Not a Good Book July 15, 2008 4 out of 15 found this review helpful
It's not a very good book. Among other things, Klein conflates Friedman's libertarianism with those of other movements, such as corporatism, merchantilism, and neoconservatism. It's not well (or even honestly) argued.
For example, she claims Friedman was a "neoconservative". One can argue about what exactly "neoconservatism" entails, but on domestic policy they are quite often in favor of significant government intervention in the economy and the lives of citizens, hardly the position of Friedman. In foreign policy they were typically in favor of the Iraq war. But she ignores many explicit statements by Friedman that he opposed the war. One suspects that she doesn't even realize there is a difference between the schools.

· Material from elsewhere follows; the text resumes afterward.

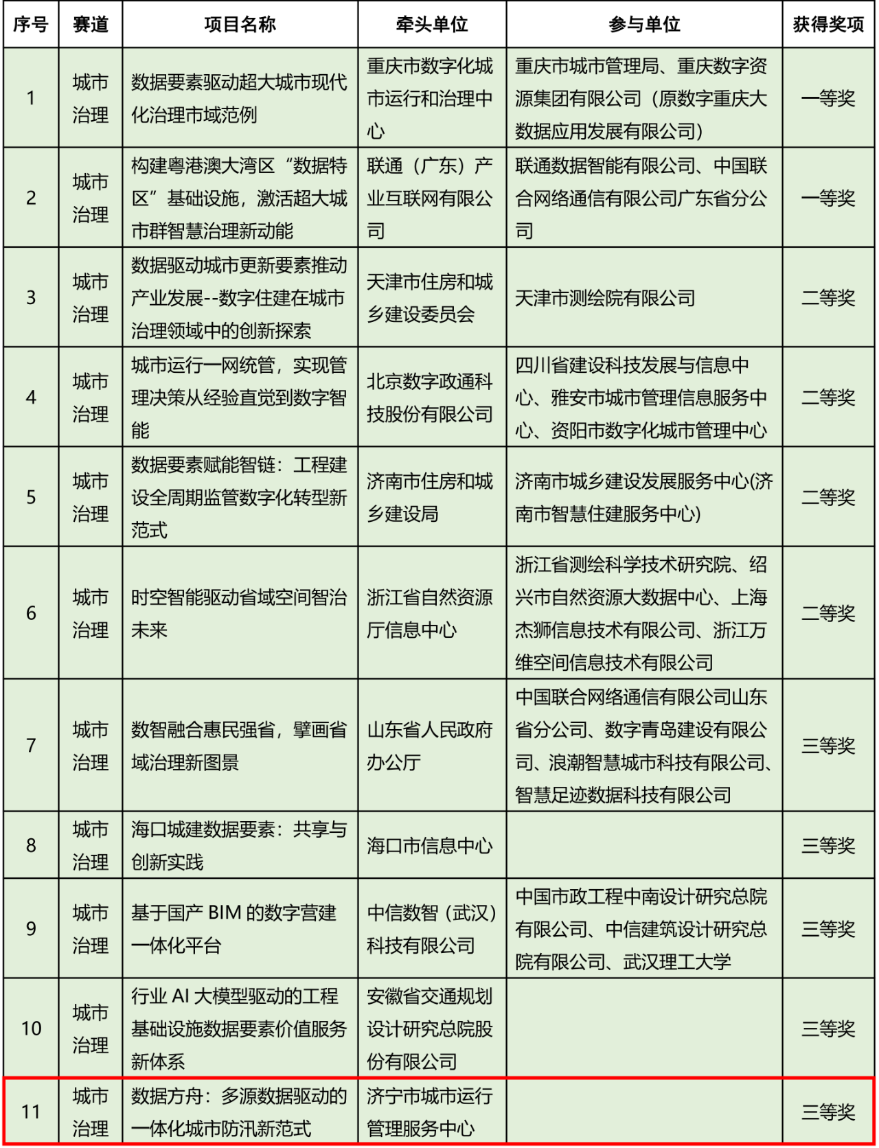近日,2025年“数据要素×”大赛全国总决赛圆满落幕,济宁市城市运行管理服务中心申报的参赛作品《数据方舟:多源数据驱动的一体化城市防汛新范式》斩获“城市治理”赛道三等奖。

Anyway, Johan Norberg at Cato has a devastating review up at the Cato site, "The Klein Doctrine: The Rise of Disaster Polemics". Google it.
Wow! July 14, 2008 3 out of 5 found this review helpful
Wow! And all along I thought the Bush administration was filled with inept, blundering fools. The truth is much darker and scarier. To realize that there is an actual logic/philosophy behind their actions that ties the past 8 years together was a shocking and sickening revelation. And that the roots go much deeper into the 1950's. Articulate, damning, forceful....it was truly a shocking doctrine to read, but one all Americans should read before November 2008.